Copyright considered paradoxical, incoherent, and harmful from an information theory and compression perspective as there is no natural kind corresponding to "works", merely longer or shorter strings for stupider or smarter algorithms.
created: 26 Sep 2008; modified: 4 May 2014; status: finished; confidence: possible; importance: 2
One of the most troublesome aspects of copyright law as applied to technology is how the latter makes it possible - and even encourages - doing things that expose the intellectual incoherence of the former; copyright is merely an ad hoc set of rules and custom evolved for bygone economic conditions to accomplish certain socially-desirable ends (and can be criticized or abolished for its failures). If we cannot get the correct ontology of copyright, then the discussion is foredoomed1. Many people suffer from the delusion that it is something more than that, that copyright is somehow objective, or even some sort of actual moral human right (consider the French “droit d’auteur”, one of the “moral rights”)2 with the same properties as other rights such as being perpetual3. This is quite wrong. Information has a history, but it carries with it no intrinsic copyright.
One of the more elegant ideas in computer science is the proof that lossless compression does not compress all files. That is, while a algorithm like ZIP will compress a great many files - perhaps to tiny fractions of the original file size - it will necessarily fail to compress many other files, and indeed for every file it shrinks, it will expand some other file. The general principle here is TANSTAAFL:
“There ain’t no such thing as a free lunch.”
There is no free lunch in compression. The normal proof of this invokes the Pigeonhole Principle; the proof goes that each file must map onto a single unique shorter file, and that shorter file must uniquely map back to the longer file (if the shorter did not, you would have devised a singularly useless compression algorithm - one that did not admit of decompression).
But the problem is, a long string simply has more ‘room’ (possibilities) than a shorter string. Consider a simple case: we have a number between 0 and 1000, and we wish to compress it. Our compressed output is between 0 and 10 - shorter, yes? But suppose we compress 1000 into 10. Which numbers do 900-999 get compressed to? Do they all go to 9? But then given a 9, we have absolutely no idea what it is supposed to expand into. Perhaps 999 goes to 9, 998 to 8, 9997 to 7 and so on - but just a few numbers later we run out of single-digit numbers, and we face the problem again.

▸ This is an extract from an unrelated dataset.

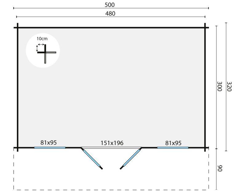 Bjælkehytte Havehus 500 x 320 cm Rika 44 mm
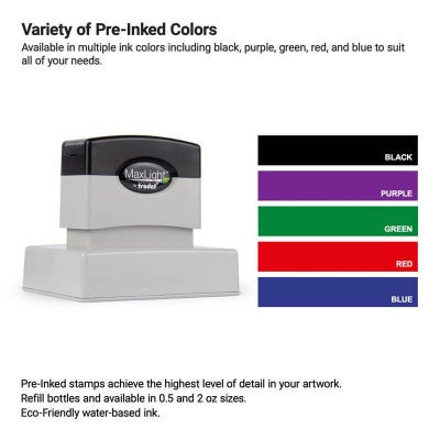 - High-quality pre-inked stamp lasts for thousands of impressions before needing additional ink

Fundamentally, you cannot pack 10kg of stuff into a 5kg bag. TANSTAAFL.
The foregoing may seem to have proven lossless compression impossible, but we know that we do it routinely; so how does that work? Well, we have proven that losslessly mapping a set of long strings onto a set of shorter substrings is impossible. The answer is to relax the shorter requirement: we can have our algorithm ‘compress’ a string into a longer one. Now the Pigeonhole Principle works for us - there is plenty of space in the longer strings for all our to-be-compressed strings. And as it happens, one can devise ‘pathological’ input to some compression algorithms in which a short input decompresses4 into a much larger output - there are such files available which empirically demonstrate the possibility.
What makes lossless compression any more than a mathematical curiosity is that we can choose which sets of strings will wind up usefully smaller, and what sets will be relegated to the outer darkness of obesity.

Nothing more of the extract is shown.